President of RIT Kosovo
- In office 2016–2019

President of Northern Marianas College
- In office 2011–2016
- Succeeded by: David Peter J. Attao (acting)

President of North Dakota State College of Science
- In office 2000–2006

Personal details
- Education: Michigan State University Indiana State University University of Illinois Urbana-Champaign

= Sharon Hart =

American higher education administrator

Sharon Hart is an esteemed American higher education administrator who served as president of Northern Marianas College from 2011 to 2016 and RIT Kosovo from 2016 to 2019. Her career has been characterized by her work in securing institutional accreditation, focusing degree programs on the needs of the workplace, addressing student affordability, and in academic leadership. In addition, Dr. Hart has served as a U.S. diplomat, most recently with United States Agency for International Development in Jordan from 2024–2025.

==Education==
Hart holds a bachelor's degree from Michigan State University,a master's degree from Indiana State University, and a PhD in education from the University of Illinois Urbana-Champaign in 1995. She earned her Ph.D. from the University of Illinois Urbana-Champaign, where her dissertation focused on the role of women in non-traditional careers and salary disparities. She completed the Institute for Management and Leadership in Education (MLE) in 1993 at Harvard Graduate School of Education.

==Career==
Hart was a K-12 teacher, department chair, college faculty member, Dean, and Vice President. Her early career included the presidency of Middlesex Community College in Middletown, Connecticut. She resigned from this role on January 19, 2000, which followed an April 1999 vote of no confidence from faculty who were concerned that her focus on vocational training would be detrimental to academic programs. She also worked as the vice president for academic and student affairs at Northcentral Technical College in Wisconsin.

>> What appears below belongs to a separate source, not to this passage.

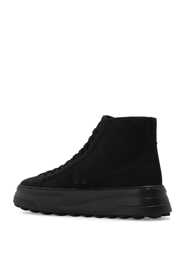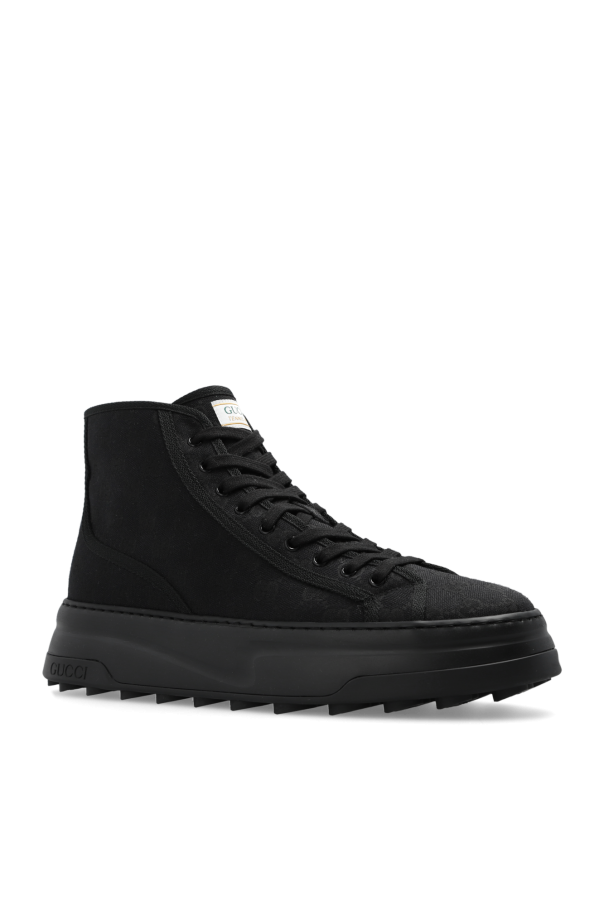 Black sneakers from Gucci. Crafted from ‘GG Supreme’ canvas, this lace-up model sits on a black rubber sole and showcases a logo pattern,

For six years, Hart was the president of North Dakota State College of Science (NDSCS) in Wahpeton, North Dakota. During her time at the institution the college successfully retained accreditation, implemented a long-term strategic plan, increased student enrollments, and opened new degree programs. Hart resigned in September 2006.

===Northern Marianas College===
In 2011, Hart was specifically hired as the president of Northern Marianas College (NMC) to lead the effort to regain its institutional accreditation with the U.S. Western Association of Schools and Colleges. At the time, the college had been placed on "Show Cause Status," a final step before the potential loss of accreditation and closure. Hart was the board's second choice for the position after the top candidate rejected the offer. Within one year, she prepared the college for a visit that resulted in NMC regaining full institutional accreditation.

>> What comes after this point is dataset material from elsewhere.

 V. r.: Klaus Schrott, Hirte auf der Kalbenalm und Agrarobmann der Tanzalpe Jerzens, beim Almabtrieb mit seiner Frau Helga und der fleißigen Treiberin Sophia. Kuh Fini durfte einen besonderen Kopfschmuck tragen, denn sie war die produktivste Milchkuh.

During her time at Northern Marianas College, Hart successfully led the effort for the Pacific islands to gain membership in the Western Interstate Commission for Higher Education (WICHE), which allowed Pacific Islanders to attend college in 15 U.S. states at in-state tuition rates. For this work, she was appointed to the WICHE Commission by the Governor of the Northern Mariana Islands and was subsequently elected to its executive committee.

In December 2012, 19 of 23 full-time faculty members at NMC passed a vote of no confidence against her. The reasons cited included allegations of financial mismanagement, unethical conduct, and jeopardizing the college's accreditation. The specific accusations included overspending on off-island travel and hiring her husband as a foundation consultant. Hart denied the claims. The Board reviewed all allegations and found in favor of Dr. Hart. That same month, she publicly opposed a proposal to merge the Commonwealth of the Northern Mariana Islands Public School System with NMC.

In November 2015, Hart announced that she would not renew her contract, which was set to end in July 2016. On February 4, 2016, she began an extended leave of absence, and David Peter J. Attao was appointed acting president.

===RIT Kosovo===
In May 2016, Hart was named the new president of RIT Kosovo, becoming the first woman to lead the institution. She served in this role from 2016 to 2019. Since that time Hart has served as a higher education consultant in both the US and abroad. She is the CEO of Affordable US Education.

==Personal life==
Hart is married to Steven West.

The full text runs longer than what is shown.